ゲンナイは子供たちがそれぞれ考え、デジモンたちを正しく育てるようにと言うと、次の話を切り出す。
「して、お主らと一緒におったあやつの姿が見えぬが、トイレかの?」
ゲンナイの問いに、光子郎が反応する。
「あやつ? ……もしかして、シンイチさんのことですか?」
「おお! そうじゃ、そうじゃ!」
「シンイチさんなら、今は僕らと別行動をしています。定期的に僕らに物資を届けてくれる役を買ってでてくれたんです」
「おお、そうじゃったか。あやつにも伝えたいことがあったのだがのぅ……」
「あの、それなら良かったら僕らからシンイチさんに伝えましょうか?」
光子郎がそう提案すると、横で聞いていた空が光子郎に話しかける。
「光子郎君、伝えるってどうやってシンイチさんに伝える気なの? 今はまたメールが送れなくなっているんでしょう?」
「はい。ですが、僕たちが物資を受け取れたかどうかは必ず確認に来ると思うんです。なので、この小さな紙の裏に伝言を残して、次の物資を送る際には伝言役を用意してもらうか、こちらからのメールを受け取れる状態になっていてもらうんですよ。メールが送られてきたって事は、あの時はそれなりに近くにいたって事ですから」
光子郎の言うことに納得し、空も含め全員がゲンナイの話に集中する。
「うむ、では話そう。前回お主たちと話した時から、わしはあやつについて調べた。その結果、いくつかわかったことがあったのだ。まず一つ目は、あやつがお主たちの世界とは別の世界から来ておるということ。あやつの出現は前触れもなく、突然のことじゃった……」
ゲンナイの話はシンイチが子供たちが住んでいた世界とは違う。その点に関しては既に知っていたので、子供たちが驚く事はなかった。だが、それに伴って語られた事には、少なくとも話を理解できた者たちは衝撃を受けることとなる。

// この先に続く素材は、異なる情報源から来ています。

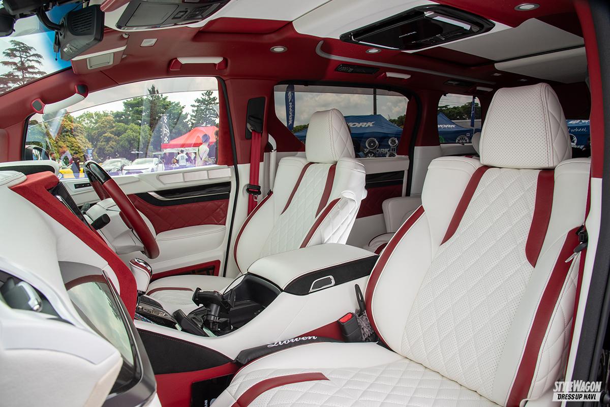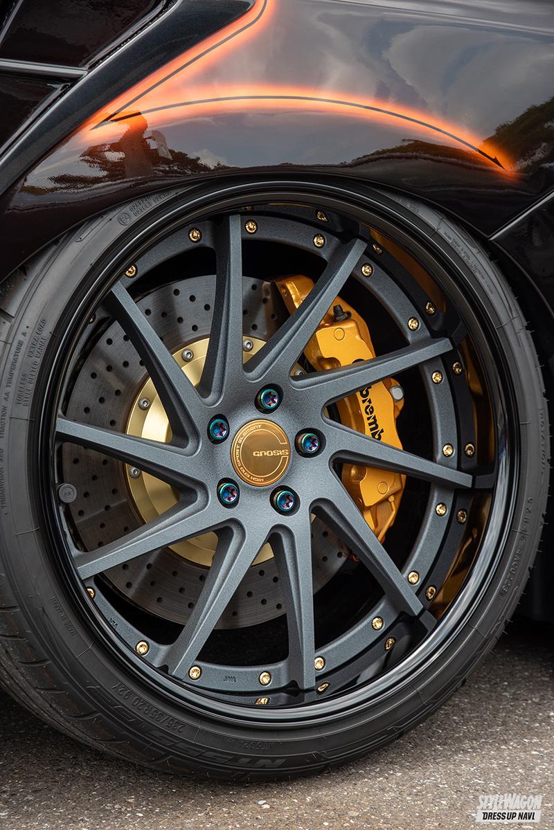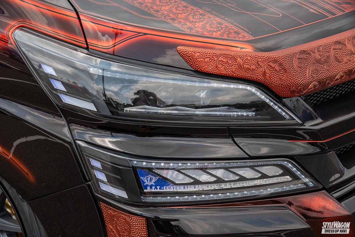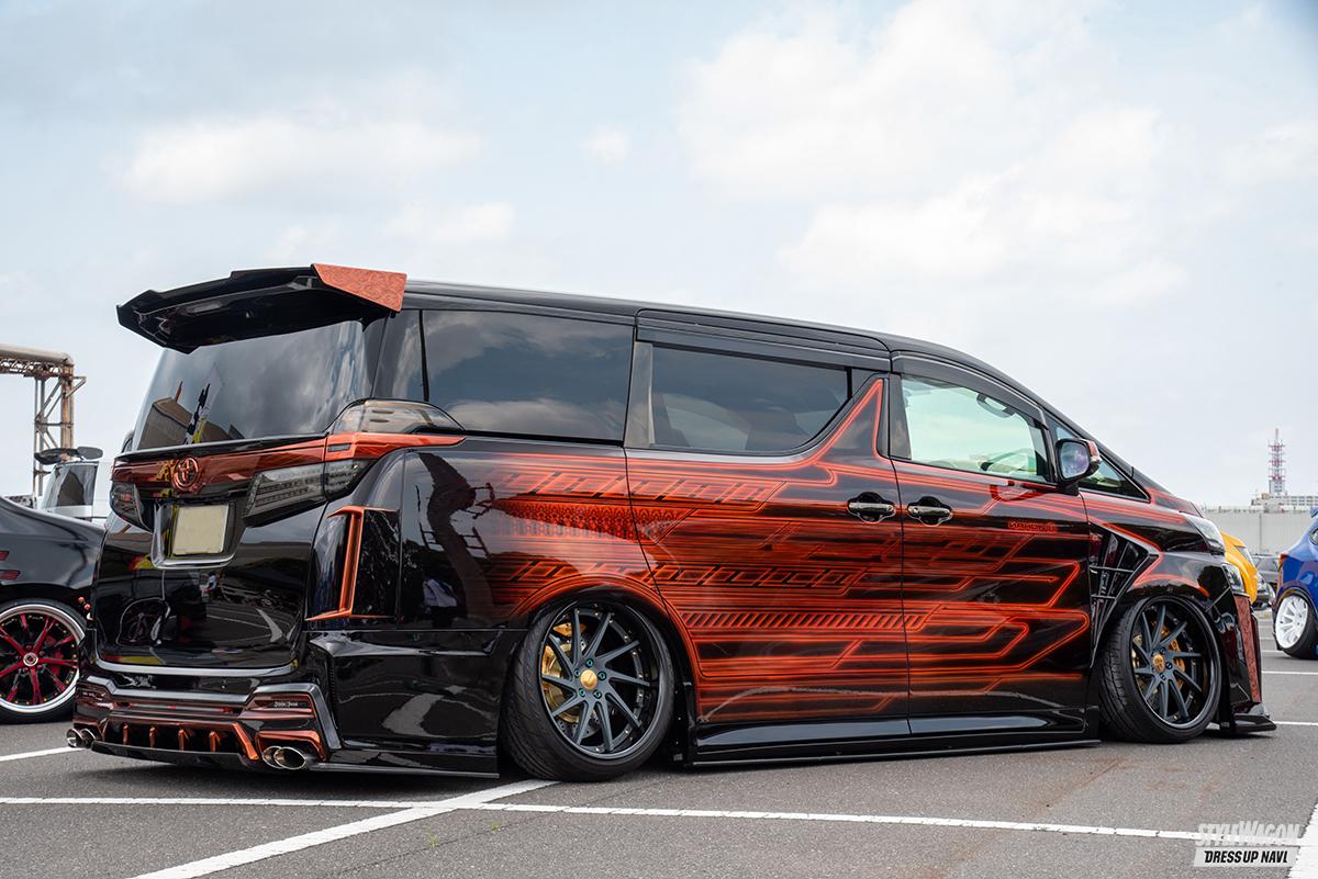 10アルファードから20ヴェル、そして30ヴェルと各世代を乗り継いできた三浦さん。カスタムのベース車としても人気の車種であるため、他車と同じにならないようサイドとリアをアドミレイションとクールのミックスエアロにするなど工夫。ほかにもボンネット、ヘッドライト、テール、マフラー、内装をワンオフして、オンリーワンのスタイリングを目指している。足まわりはボルドワールドのエアサスで、故障が少ないことから長く愛用。

「あやつの出現についてはまだ詳しくわかっておらんが、今後も調査を続けるつもりじゃ。何かわかったらまたお主たちに伝えよう。そして、わかったことはもう一つある。それは、あやつのデータが破損しておると言うことだ。あやつの体は本来のそれから若返っておる。あやつの中にある情報が、抜け落ちておる証拠じゃ。それが意図的なのか、事故なのかはわからんが、これはおそらく通信容量の関係でそうせざるを得んかったのだろう」
ゲンナイはシンイチ自身がデータの塊であると言うことをハッキリと語っていた。そして、それは必然的に自分たちのこの体もデータであるということになってしまう。
デジタルワールド。デジタルモンスター。そのような単語から薄っすらと勘づいてはいたが、それがここでハッキリしてしまったのだ。
実感はない。だが確かに自分たちは今、データになっている。それは子供たちにとって受け入れ難い事実だった。
そんな中、子供たちの中でたった一人、光子郎だけは別の意味で戦慄を覚えていた。
データの破損、圧縮、送信。そしてそれに気がついている様子がないシンイチ。そのことが示しているのは、シンイチの記憶が違和感を覚えないように編集されている可能性。
「もしかしたら、僕たちも……」
光子郎はこの世界に来て初めて感じた、背筋の凍るような根源的恐怖に身を震わせる。
果たして自分は本当に『泉 光子郎』なのだろうか……?
光子郎はその問いをゲンナイに投げることが出来なかった。